One is BioNetwork, the 58-campus North Carolina Community College System’s statewide initiative, including seven specialized centers providing industry-specific expertise and support to the others. The state’s BioNetwork has been hailed widely as the ultimate training system for all levels of the life-science industry.

The other leg of NCBioImpact is housed in a state-of-the-art building on the North Carolina Central University campus in Durham. BRITE, an acronym for Biomanufacturing Research Institute and Technology Enterprise, provides undergraduate and graduate training programs in the pharmaceutical sciences. BRITE has a strong research focus, particularly in the areas of drug discovery and manufacturing process technology.
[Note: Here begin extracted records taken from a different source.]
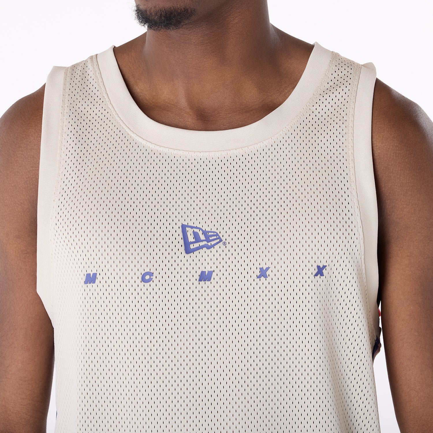 Esta Playera sin Mangas New Era de la colección New Era Contemporary presenta un diseño en mesh con el flag de New Era en la parte frontal. Cómprala ya.
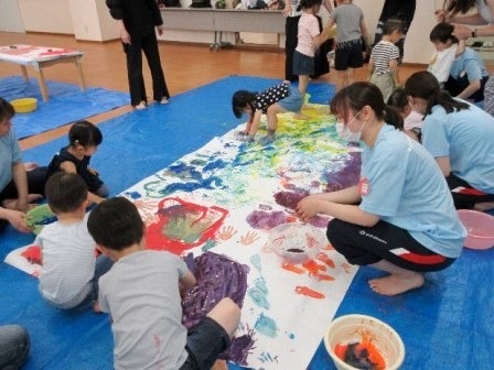 床の上に大きな紙を敷いて、身体に大胆に絵の具をつけて遊ぶ「大コーナー」と、机の上に紙を置いて筆やスポンジで色を塗ったり絵を描いたりする「小コーナー」の2種類を用意しました。はじめは『やりたくない』と戸惑っていた子どもたちも、最後にはすっかりこの遊びに取りつかれていました。
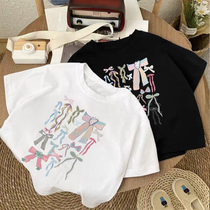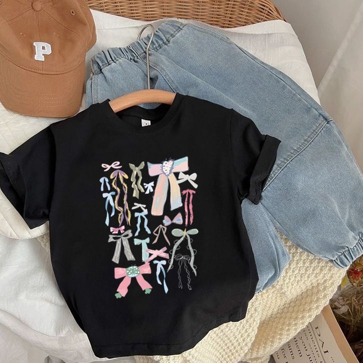 korea style Putih cocobaby t shirt cotton Kaos Atasan Anak laki-laki Perempuan | Korean Simple Bowknot Fashion Print Ch
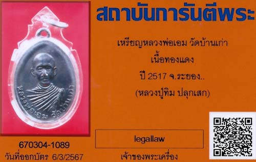 พระพุทธรัศมี วัดเกาะกลอย เนื้อผงเคลือบแล็กเกอร์ ปี 2514 จ.ระยอง (หลวงปู่ทิม ปลุกเสก) มาพร้อมบัตรรับรองพระแท้การันตีพระ |

Walkway visitors will also encounter BASF Plant Science, a reminder that agriculture is approaching a $75 billion annual milestone in North Carolina’s economy. NCBiotech has established a goal of incorporating the tools of biotechnology to exceed $100 billion in a decade. BASF is one of the five top global agbio companies in North Carolina helping to build toward that goal.
Manufacturing takes on new meaning

In 1990, more than one-quarter of the state’s workforce was in manufacturing. That was nearly twice the national rate – even higher than that of Michigan and Ohio. By 2010, the number had dropped to just over 11 percent, a loss of more than 400,000 jobs.

Still, the state has a robust manufacturing economy. That’s because today, it relies on new ideas that lead to new products to create an environment for company growth and new jobs. And because a large and growing chunk of those jobs are in biomanufacturing.
North Carolina will also be represented at a Monday BIO Career Fair at the Hynes Convention Center a few blocks from the main convention & exhibition center. Wake County Economic Development will be among participants in the event, showing knowledge workers at the convention what North Carolina has to offer.

On Tuesday afternoon a panel on international collaboration in the life sciences includes participation by Bill Bullock, MBA, NCBiotech’s vice president of Bioscience Industrial Development. The discussion is titled, “Crossing Borders and Boundaries: Emerging Strategies to Promote International Collaboration.”

And that’s just a sampling of the chock-full week of back-breaking, foot-swelling partnering and promotion that is selling North Carolina at BIO.